=== DATA PROVIDED ===
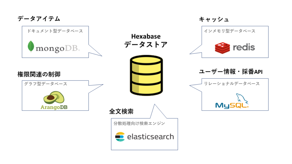 Hexabaseは、複数のNoSQLデータべースを統合して、RDBMSライクな独自のデータストレージを実現しています。このおかげで、従来のDB設計技術を活かしながら、データベースのボトルネックを解消します。
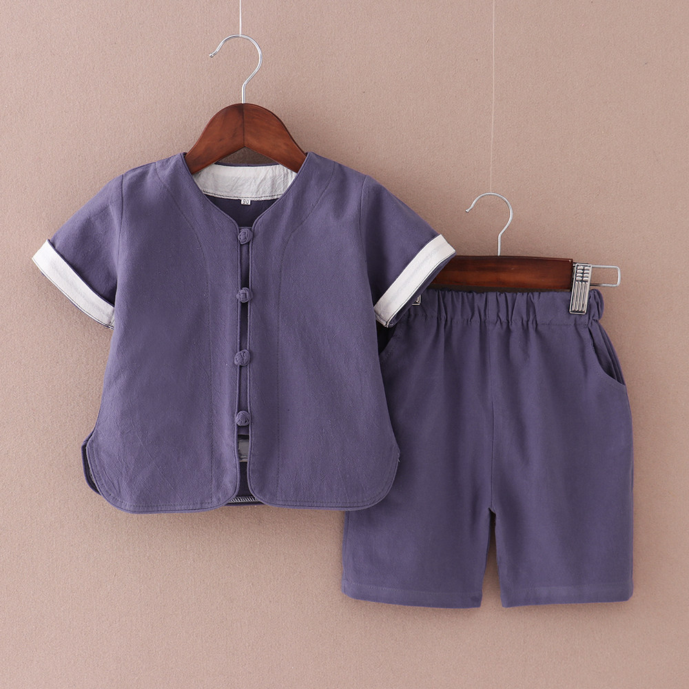 Ханьфу для мальчиков, ретро детский летний тонкий комплект, из хлопка и льна, китайский стиль
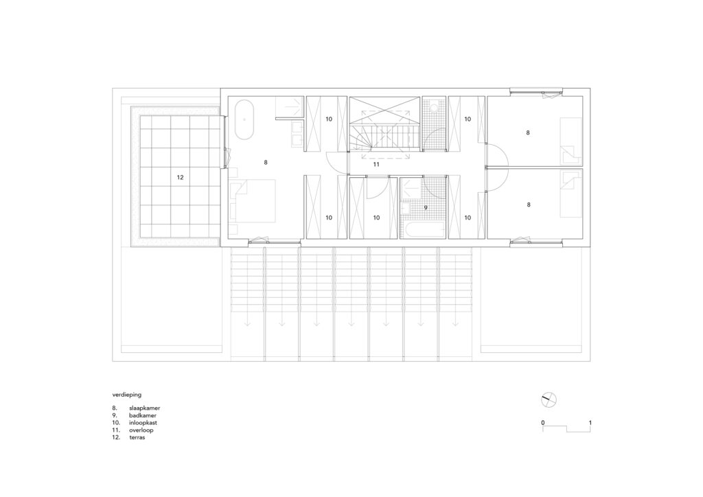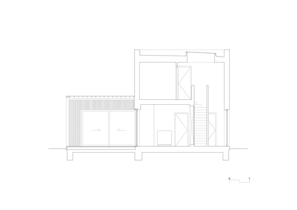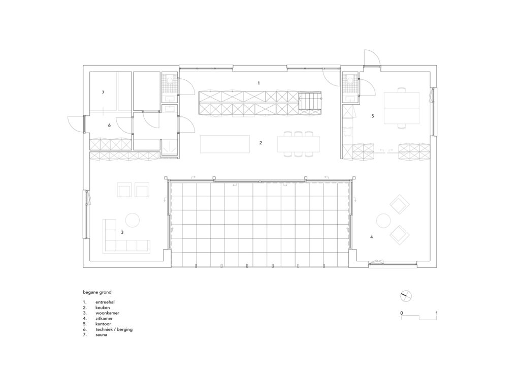 The custom built-in furniture acts as a subtle separation between the living areas and the study and bedrooms. The study is connected to the playroom through ensuite doors. In addition to kitchen appliances and a coffee corner, the kitchen furniture also houses the wardrobe, storage and a staircase to the upper floor. The bedrooms all have a walk-in closet in the hallway area, where a large skylight provides daylight.
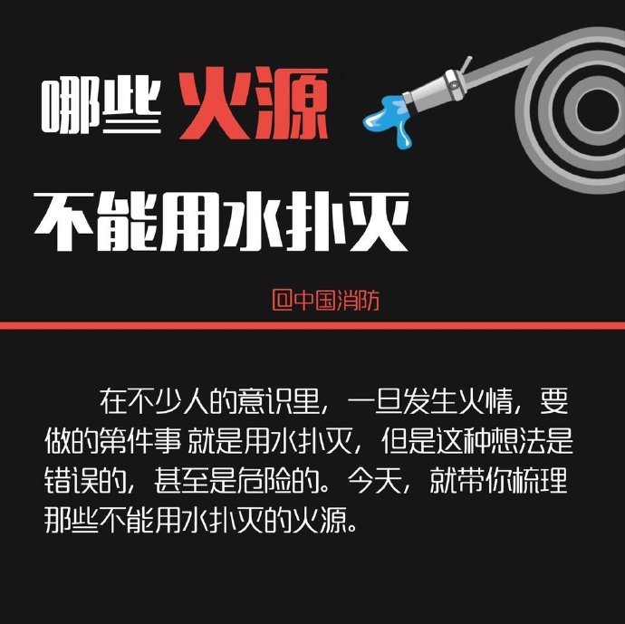 很多人发现着火后,都会大喊,着火了快拿水啊,其实这种思维是错误的,甚至是危险的,中消消防提醒您,以下几种火灾不能用水扑救:

=== YOUR GOAL ===
Transcribe all lines above exactly, skipping pictures.

=== SOLUTION TO THE EXERCISE ===
 Hexabaseは、複数のNoSQLデータべースを統合して、RDBMSライクな独自のデータストレージを実現しています。このおかげで、従来のDB設計技術を活かしながら、データベースのボトルネックを解消します。
 Ханьфу для мальчиков, ретро детский летний тонкий комплект, из хлопка и льна, китайский стиль
 The custom built-in furniture acts as a subtle separation between the living areas and the study and bedrooms. The study is connected to the playroom through ensuite doors. In addition to kitchen appliances and a coffee corner, the kitchen furniture also houses the wardrobe, storage and a staircase to the upper floor. The bedrooms all have a walk-in closet in the hallway area, where a large skylight provides daylight.
 很多人发现着火后,都会大喊,着火了快拿水啊,其实这种思维是错误的,甚至是危险的,中消消防提醒您,以下几种火灾不能用水扑救:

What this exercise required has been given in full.